The National Energy Board said that, as of July 7, it expected total production of crude oil and equivalent will be 4.05 million barrels per day for the year, which, if the forecast proves accurate, would be about 5 percent higher than last year.

Crude oil prices are up more than $10 per barrel from this time last year and Western Canadian Select, the nation's benchmark for the price of oil, is moving higher in early Tuesday trading, while rival benchmarks lose ground. WCS is trading about $10 lower than West Texas Intermediate, the U.S. benchmark

In its forecast for the year, the Petroleum Services Association of Canada said it expects to see an increase in exploration and production activity for the year. Basing its forecast on $49 per barrel for WTI, the PSAC said it expected 7,200 drilled wells this year, up from its initial forecast of 6,680.

WTI was trading at around $50 early Tuesday.

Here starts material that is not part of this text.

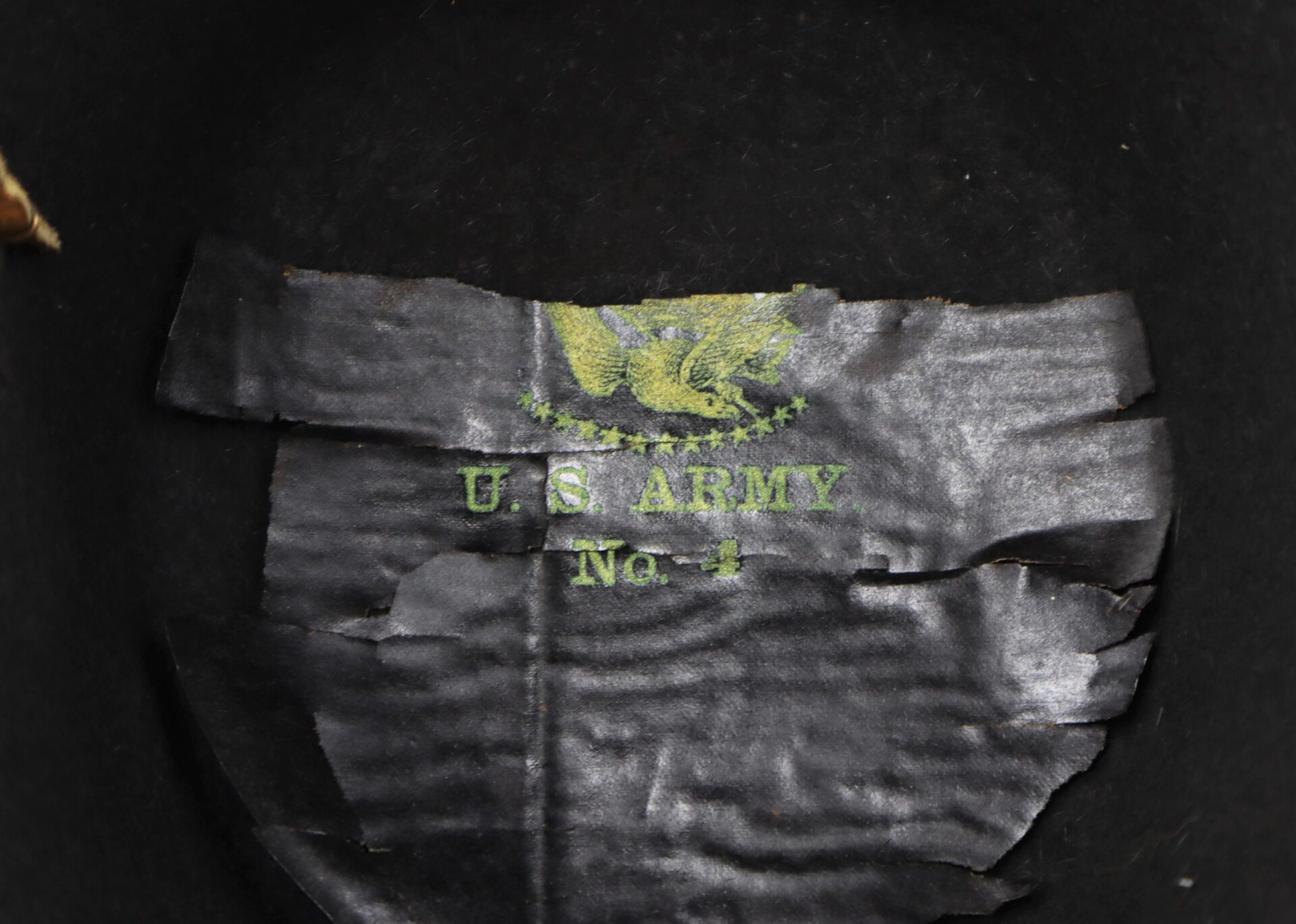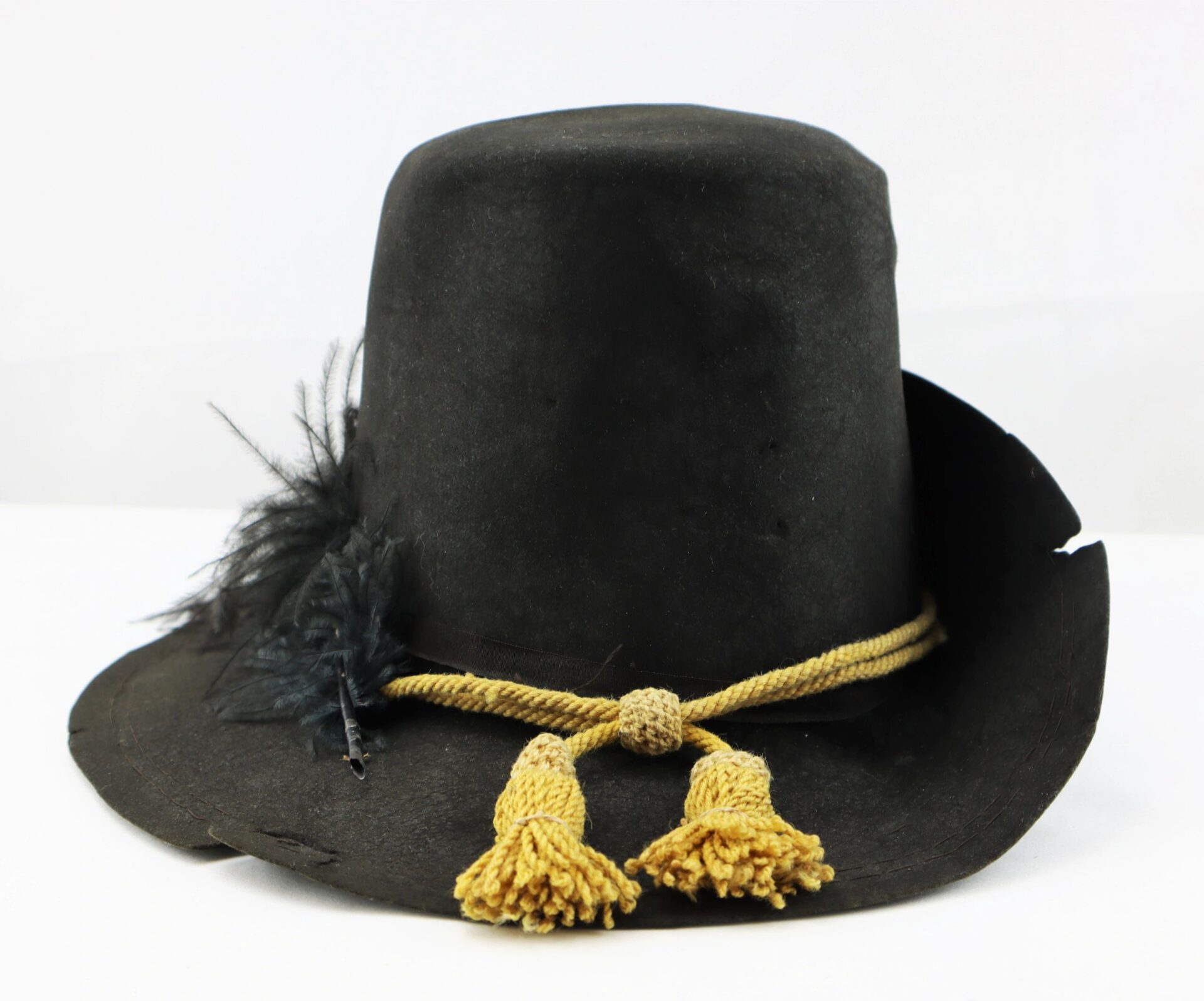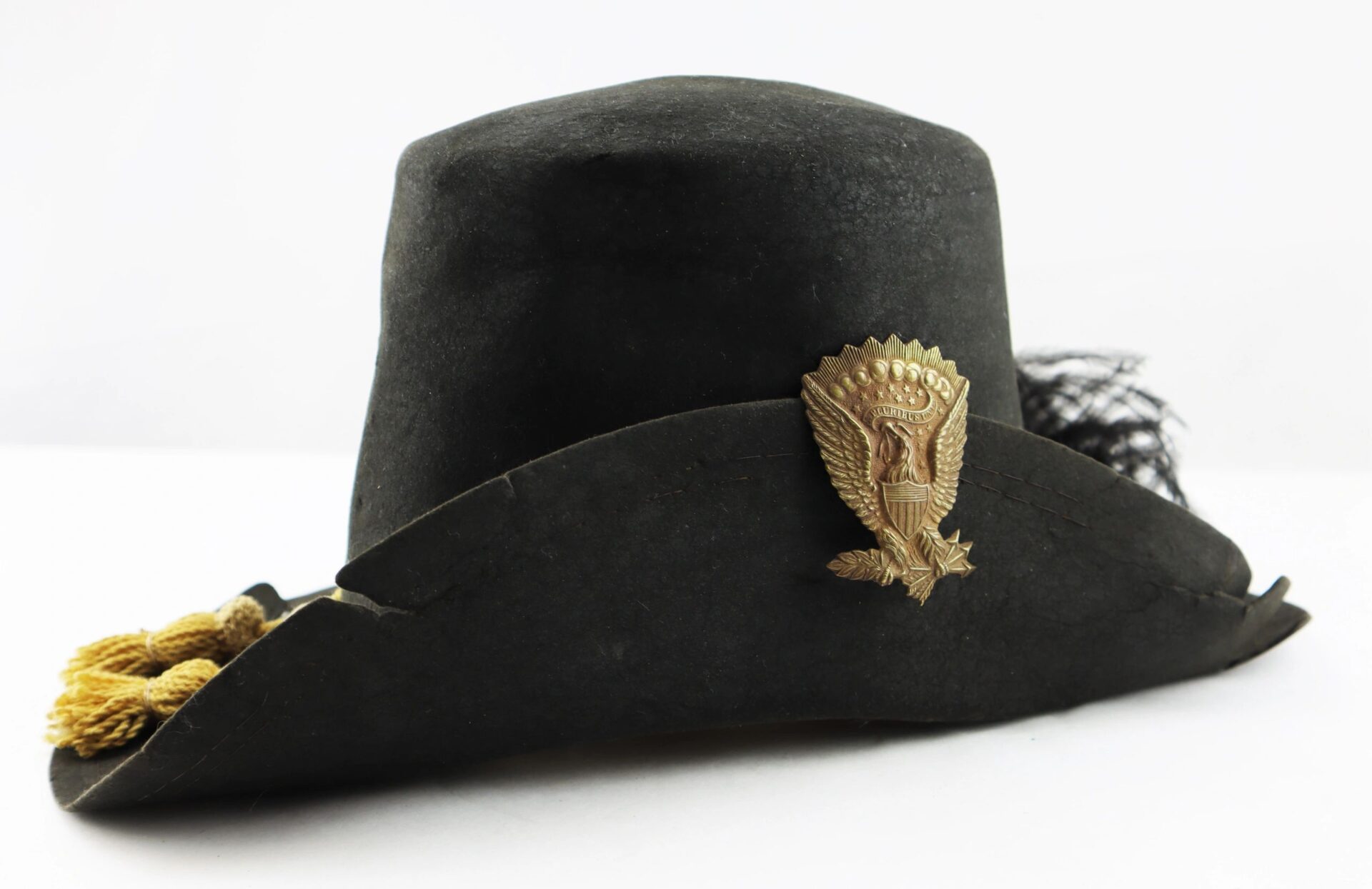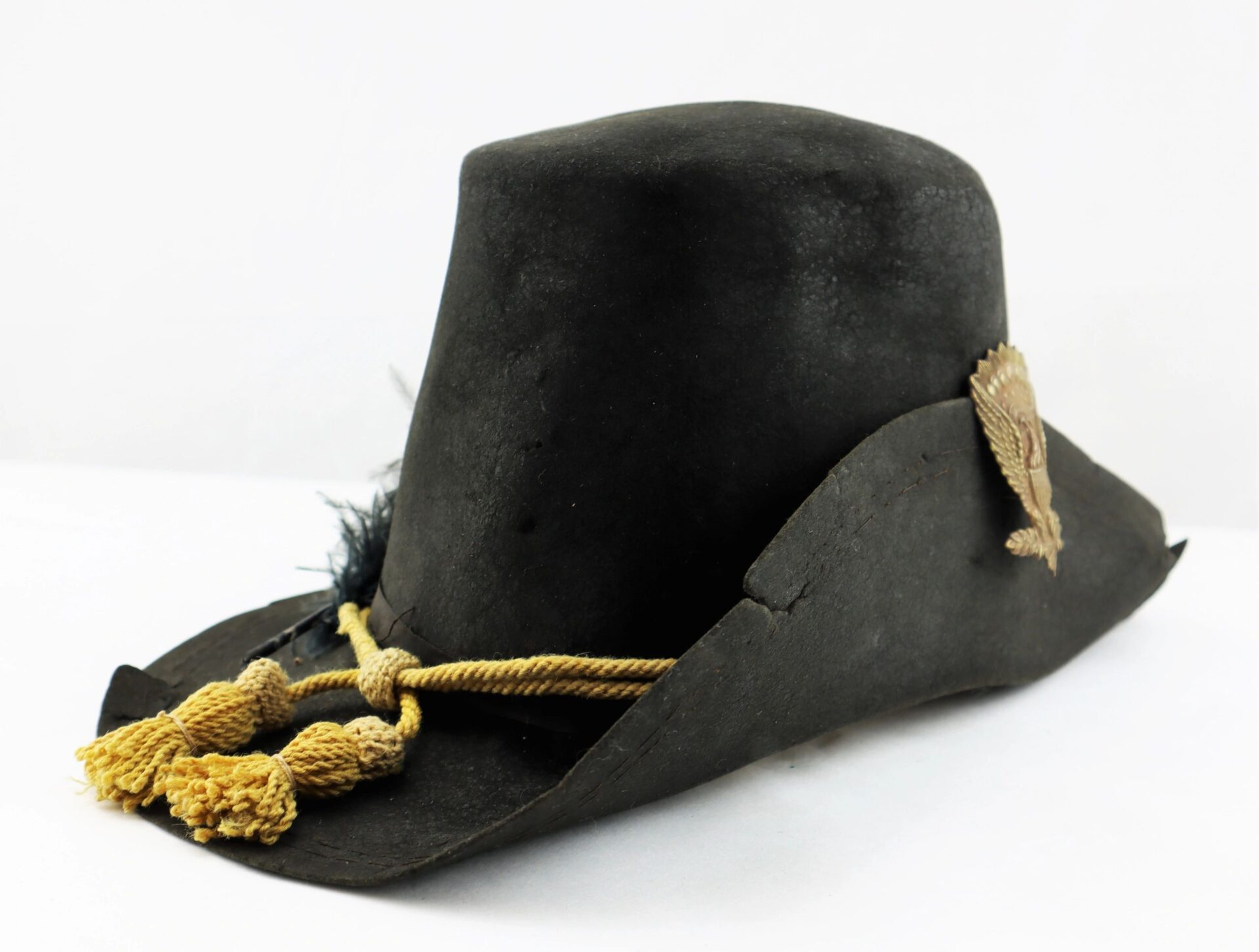 Model 1858 Cavalry Hardee Hat – Inventory Number: UNI 151 / SOLD The Hardee hat, also known as the Model 1858 Dress Hat and sometimes nicknamed the “Jeff Davis”, was the regulation dress hat for enlisted men in the Union Army, during the American Civil War. Most soldiers found the black felt hat to be too hot and heavy and greatly preferred the forage cap, kepi or slouch hat. During the Civil War, the Union Army members of the “Iron Brigade” became the most prominent wearers of the Hardee hat, thereby often being referred to as the Black-Hats. Additionally, some unadorned, plain and often field-modified Hardee hats were worn by Union troops, especially in the Western theater. This example of the Hardee hat has its original worsted wool, yellow hat cord, both denoting cavalry use. The left side of the hat is folded up and affixed to the crown, with the correct, original Hardee hat eagle device. The brim of the hat is bound with two rows of stitching, as seen in all period Hardee hats, and half of the original U.S. Army label remains on the inside, top of the crown. The small, black grosgrain ribbon remains beneath the hat cord, surrounding the crown’s exterior, as well. This hat appears to have seen field use, as it does have some wear and weather exposure areas, especially on the brim. The felt remains in overall good condition, although there are several breaks in the brim. The sweatband is missing, as well. This hat is quite pliable and no longer stiff, a feature also indicative of war period field use. Despite some minor condition issues, the hat displays very well and really is impressive in appearance. Inventory Number: UNI 151 / SOLD

For Alberta, the heart of the Canadian oil sector, the trade group raised its well forecast by 90 percent to 3,604.

PSAC President and CEO Mark Salkeld said the increase in well activity is indicative of an industry learning to do more with less.

"The cost reductions from the services sector demanded by their customers are also still playing a significant role in helping with activity levels enabling exploration and production companies to drill more wells at less cost," he said in a statement. "The downside to this is that slim services sector margins mean less funds available for new research, development and innovation."

Canada is largely landlocked as an oil producer and sends nearly all of its exports to the United States. Canada, however, is courting the expanding economies in Asia as a way to expand its options. In an early July survey, the Canadian Association of Petroleum Producers said Canadian oil should be shared with the world.

"Canada continues to struggle with its place in the world of energy supply given our lack of access to tidewater and public support for infrastructure," Salkeld said.

In early January, the government signed off on plans from pipeline company Kinder Morgan to triple the capacity of its Trans Mountain pipeline to the western coast to around 890,000 barrels of oil per day. Last week, however, Malaysia energy company Petronas said weak market conditions mean it could no longer pursue a liquefied natural gas project for a port in British Columbia.